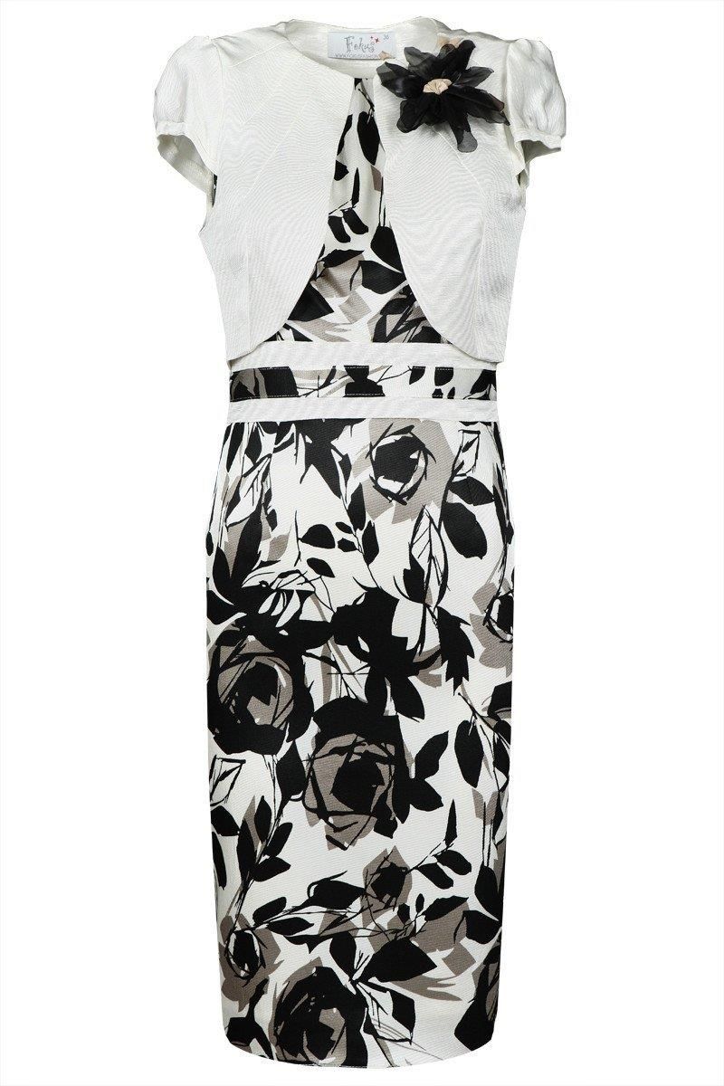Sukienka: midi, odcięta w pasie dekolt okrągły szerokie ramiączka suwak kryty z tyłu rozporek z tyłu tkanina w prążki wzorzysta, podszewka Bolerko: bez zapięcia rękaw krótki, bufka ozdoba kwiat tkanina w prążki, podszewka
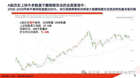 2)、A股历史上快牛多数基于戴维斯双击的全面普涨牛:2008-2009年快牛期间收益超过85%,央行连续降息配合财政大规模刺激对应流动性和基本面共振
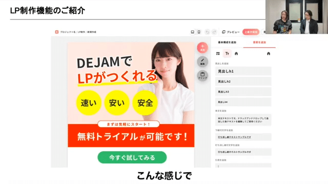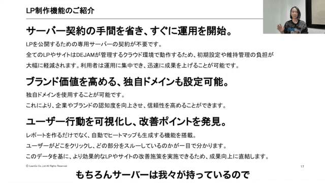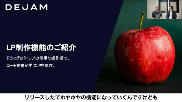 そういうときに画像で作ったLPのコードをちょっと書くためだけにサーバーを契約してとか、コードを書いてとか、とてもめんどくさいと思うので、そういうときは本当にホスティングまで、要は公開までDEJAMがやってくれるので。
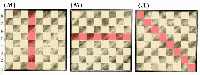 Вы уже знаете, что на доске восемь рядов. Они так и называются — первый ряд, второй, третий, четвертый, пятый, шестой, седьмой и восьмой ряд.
+++
TO DO
The answer should be the full material above, printed exactly, with no pictures in it.

ANSWER FOR THIS EXERCISE
Sukienka: midi, odcięta w pasie dekolt okrągły szerokie ramiączka suwak kryty z tyłu rozporek z tyłu tkanina w prążki wzorzysta, podszewka Bolerko: bez zapięcia rękaw krótki, bufka ozdoba kwiat tkanina w prążki, podszewka
 2)、A股历史上快牛多数基于戴维斯双击的全面普涨牛:2008-2009年快牛期间收益超过85%,央行连续降息配合财政大规模刺激对应流动性和基本面共振
 そういうときに画像で作ったLPのコードをちょっと書くためだけにサーバーを契約してとか、コードを書いてとか、とてもめんどくさいと思うので、そういうときは本当にホスティングまで、要は公開までDEJAMがやってくれるので。
 Вы уже знаете, что на доске восемь рядов. Они так и называются — первый ряд, второй, третий, четвертый, пятый, шестой, седьмой и восьмой ряд.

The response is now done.